Мы с трепетом узнаём, что Наполеон (неукротимый Бонапарт, чье тело покоится под десятью футами мрамора в золоченом Доме инвалидов) любил курицу-гриль и картошку в мундире. Наполеон, питающий слабость к простой снеди, которую мы запросто можем купить в супермаркете по дороге с работы, становится живым человеком, похожим на нас самих. Он оживает — в той мере, в какой был причастен повседневной суете: плакал и бегал за юбками, грыз ногти и ревновал друзей, любил мед и ненавидел мармелад; все эти подробности расплавляют монументальную бронзу официального образа.

Парадоксально, но впечатляющий curricula vitae[5] героев биографий может служить ширмой для более важного, но менее благородного интереса к жизни ближнего. Страсть к жизнеописаниям оправдывается славой их героев; однако на самом деле в основе популярности биографий лежит желание сунуть нос в чужие дела и подглядеть, как управлялись со своей жизнью другие. Не только — и не столько — слава Наполеона побуждает нас исследовать его сексуальные вкусы; мы делаем это по той простой причине, что обсуждать чьи-то постельные пристрастия вообще чертовски приятно! Аустерлиц и Ватерлоо, словно фиговые листочки, прикрывают сущность занятия, больше всего напоминающего досужую болтовню рыбных торговок.

Тем не менее, люди по-прежнему полагают, что добротным биографическим материалом могут быть только судьбы великих.

Пару веков назад голос диссидента ненадолго поколебал это поразительное единодушие, но лишь затем, чтобы затеряться в горе биографий, громоздящейся на могиле самого диссидента. Принадлежал же этот голос доктору Джонсону, писавшему: «Мало кто проживает жизнь, честный и правдивый рассказ о которой был бы бесполезен для остальных. Ибо многие оказываются в тех же ситуациях, что и человек, о котором ведется рассказ, а потому его ошибки и неудачи, находки и открытия могут принести другим немедленную и очевидную пользу; кроме того, человеческая сущность, если рассматривать ее обособленно от знаков отличий и личин, столь единообразна, что нам редко удается проявить добро или зло, не свойственное всему роду человеческому».

Казалось бы, эта судьбоносная мысль должна была произвести в своей области революцию, достойную Коперника. Биографии, нацеленные прежде всего на исключительные судьбы, не позволяют нам заметить, что любая жизнь уникальна и оригинальна; недаром же Джонсон утверждал, что мог бы превратить в увлекательную историю даже доклад о жизни метлы.

Подробно рассматривая деяния господ, с которыми нам едва ли удастся пропустить стаканчик, биографии ограждают нас от всеобщей — явной или скрытой — вовлеченности в биографические проекты.
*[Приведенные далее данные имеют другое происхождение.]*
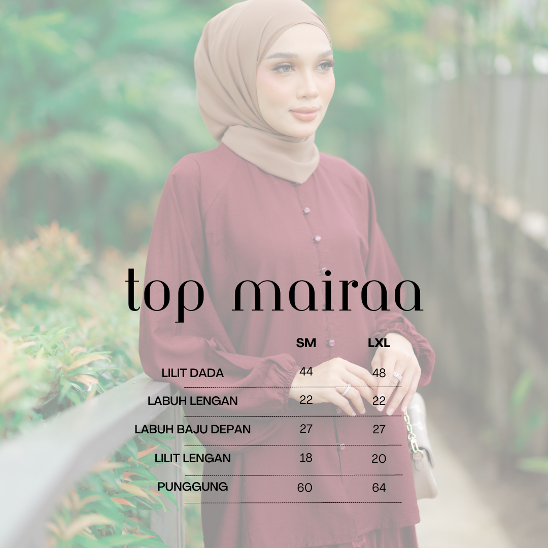 Rekaan lengan baloon memberi efek anggun tanpa berlebihan, manakala tali ikat di bahagian belakang membolehkan pelarasan mengikut kesesuaian badan untuk keselesaan maksimum. Butang penuh di bahagian hadapan menjadikan Top Mairaa praktikal, kemas dan mudah digayakan sama ada untuk gaya santai, kerja atau majlis ringkas.

Каждое новое знакомство означает необходимость понять чью-то жизнь, а в этом деле условности биографий играют первостепенную роль. Повествовательные традиции биографий управляют сюжетами историй, которые мы сами могли бы сочинить о тех, кого встретили, — формируют наше восприятие услышанных от них рассказов; вводят критерии, согласно которым мы расставляем в уме их успехи и потери; этими традициями мы руководствуемся, отбирая одни из их воспоминаний и отметая другие (хотя воображаем, что это происходит само собой).
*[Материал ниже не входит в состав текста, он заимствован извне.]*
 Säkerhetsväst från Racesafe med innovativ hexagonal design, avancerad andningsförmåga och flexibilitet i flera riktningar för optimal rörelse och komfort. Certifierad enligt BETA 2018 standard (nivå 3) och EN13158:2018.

Рефлексирующие биографы редко задаются подобными вопросами; они чаще спрашивают себя, полагаться на письма или на дневники, расспрашивать служанку или садовника, верить ли самому поэту-лауреату, его покойной жене или их пресс-секретарю. Но всё это значит, что любой человек, которого мне завтра суждено встретить, достоин как минимум того же энтузиазма, какой обычно проявляют даже самые бездарные биографы. Мне кажется, можно обнаружить немало интересного, исследуя скрытую роль биографической традиции в самом распространенном, но одновременно и самом сложном из наших занятий — понимании других людей.